CenterGrasp: Object-Aware Implicit Representation Learning for Simultaneous Shape Reconstruction and 6-DoF Grasp Estimation
Eugenio Chisari, Nick Heppert, Tim Welschehold, Wolfram Burgard, Abhinav Valada
TL;DR
CenterGrasp tackles the problem of simultaneous 3D shape reconstruction and 6-DoF grasp estimation in clutter by making objects explicit through per-pixel heatmaps and latent codes, and by decoupling object-level geometry and grasps with a shape-and-grasp distance function (SGDF) decoder.
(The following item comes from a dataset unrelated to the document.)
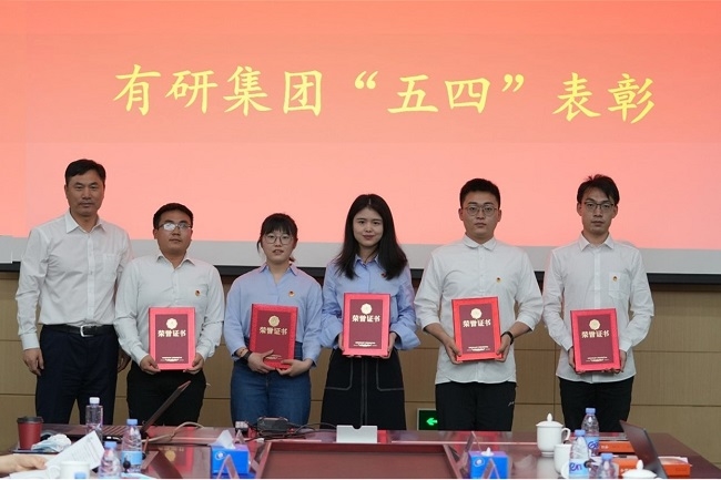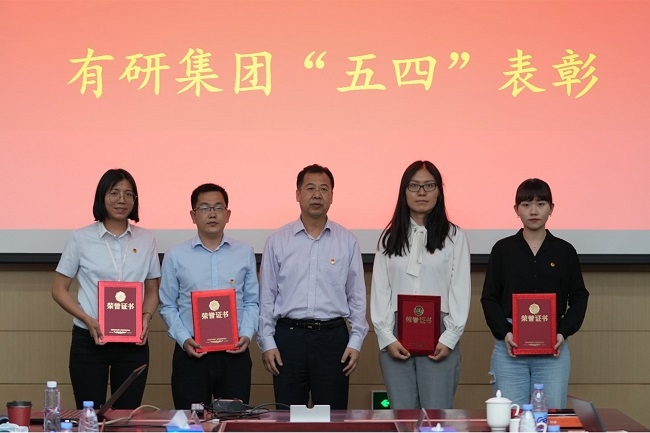 曹泊宇宣读有研集团“五四”表彰决定,授予山东有研半导体硅片制造部等2个集体“青年文明号”称号,授予有研国晶辉团支部等2个团组织“五四红旗团支部”称号,授予国联研究院任志敏等6名同志“青年岗位能手”称号,授予有研粉材杨铭等4名同志“优秀共青团干部”称号,授予有研兴友王婧等10名同志“优秀共青团员”称号,集团领导现场向获奖代表颁奖。

The method combines an RGB-D image encoder with a per-object latent code and pose predictor and a per-object SGDF decoder to reconstruct full object shapes and a manifold of grasps, enabling holistic grasping that infers invisible regions. Trained entirely on synthetic data, CenterGrasp achieves strong zero-shot generalization to real scenes and outperforms the state-of-the-art GIGA on reconstruction and grasp metrics in simulation, with substantial improvements in real-robot experiments. The approach also demonstrates competitive performance on GraspNet-1Billion and provides a scalable, object-aware framework for robust scene understanding and grasping in cluttered environments, with code and models released publicly.
Abstract
Reliable object grasping is a crucial capability for autonomous robots. However, many existing grasping approaches focus on general clutter removal without explicitly modeling objects and thus only relying on the visible local geometry. We introduce CenterGrasp, a novel framework that combines object awareness and holistic grasping. CenterGrasp learns a general object prior by encoding shapes and valid grasps in a continuous latent space. It consists of an RGB-D image encoder that leverages recent advances to detect objects and infer their pose and latent code, and a decoder to predict shape and grasps for each object in the scene. We perform extensive experiments on simulated as well as real-world cluttered scenes and demonstrate strong scene reconstruction and 6-DoF grasp-pose estimation performance. Compared to the state of the art, CenterGrasp achieves an improvement of 38.5 mm in shape reconstruction and 33 percentage points on average in grasp success. We make the code and trained models publicly available at http://centergrasp.cs.uni-freiburg.de.